John@Kitchen Riffs says
Love sweet potatoes, and am always looking for new ways to use them. Such a nice salad! Nice bold flavors, loads of tasty and healthy ingredients. Very nice — thanks.
Suzanne Perazzini says
They make a nice change from potatoes but I do love to add piles of flavour to them. Coconut milk adds a special touch that you don’t get with simple cow’s milk.
Hotly Spiced says
I have relatives in Wellington and they have been telling me what a great summer they are having.
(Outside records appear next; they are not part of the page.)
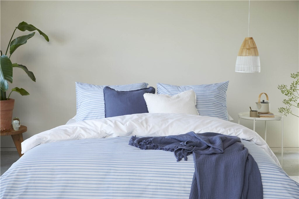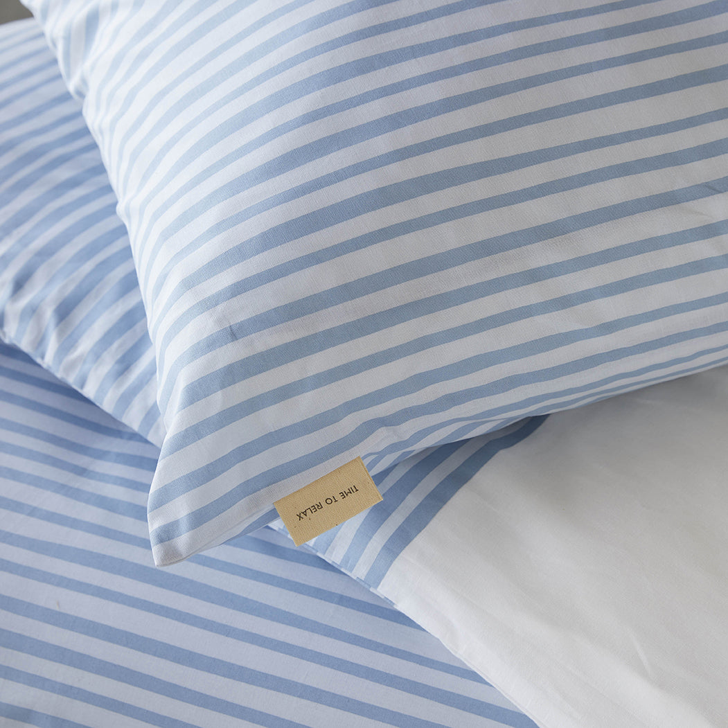 Geef jouw slaapkamer een stoere uitstraling met het overtrek Remade Blurred Feelings. De handgetekende blauwe en lichtblauwe streepjes gecombineerd met een brede witte baan aan de bovenkant van het overtrek zorgt voor een rustig maar speels effect.
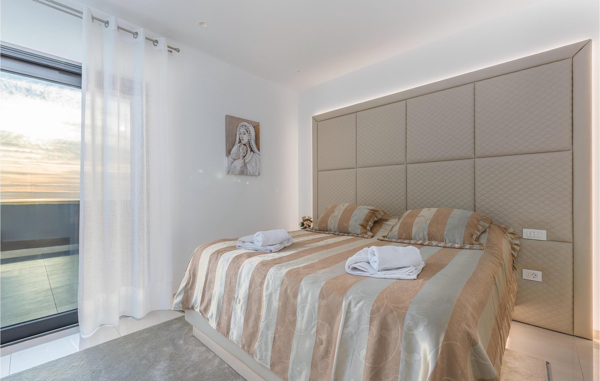 Betreten Sie die Villa über die Terrasse, so treten Sie ein in den modernen, lichtdurchfluteten Wohnraum mit Essbereich und voll ausgestatteter Küche. Mit vielen interessanten Details ausgestattet und dekoriert, ist auch das Interieur ein einziger Wow-Effekt! Im Erdgeschoss befinden sich zwei große, komfortable Schlafzimmer mit Doppelbetten. Drei weitere schicke Schlafzimmer auf der ersten Etage versprechen erholsamen Schlaf und schöne Träume. Jedes Schlafzimmer ist individuell und geschmackvoll eingerichtet und verfügt über ein eigenes wunderschönes Badezimmer, sowie TV und Klimaanlage.
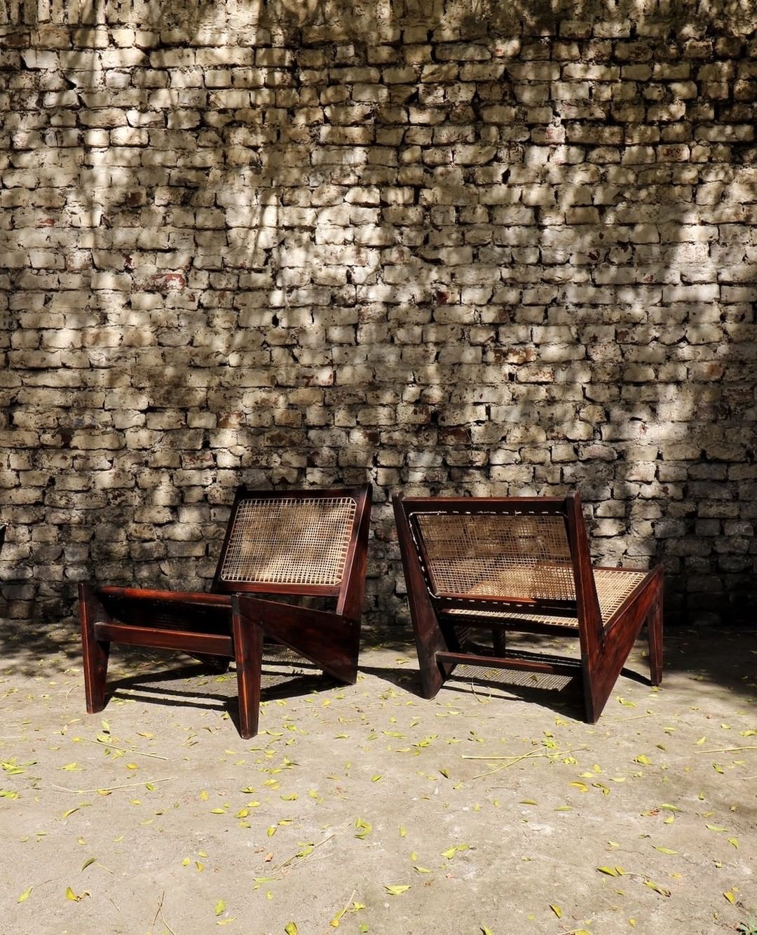 The Armless Kangaroo Chair is a lounge chair made of two parallel S-shaped frames that form the leg and back frame. Materials Used: Teak (origin: natural forests in Northern India) and natural cane. Dimensions Height: 61.5cm / 24.2 Inches
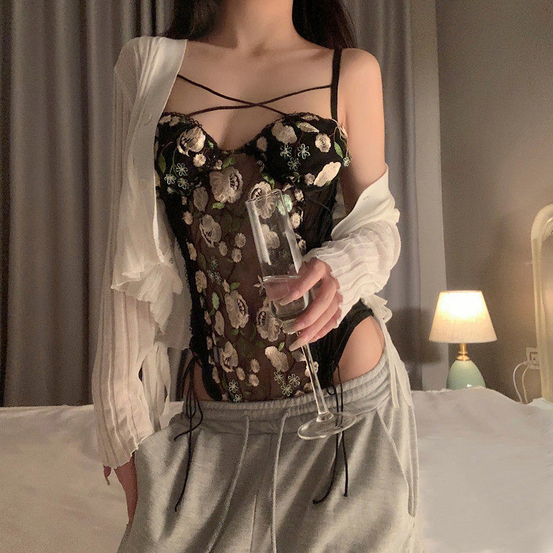 实拍实价重工艺蕾丝花朵网纱绑带拼接连体内衣+针织绑带开衫外套

If it’s good in Wellington it must be heavenly everywhere else. I do love the Thai flavours in your salad xx
Suzanne Perazzini says
We’ve had a bit of rain finally in the last week but we sure need it. The ground was so dry. But it’s sunny again today.
Thank you this is very helpful. I have posted it on the FODMaPs Support Group UK on Facebook too, as one of the other members was asking about this as well 🙂
Suzanne Perazzini says
I am glad you found it helpful. Thanks for spreading the word.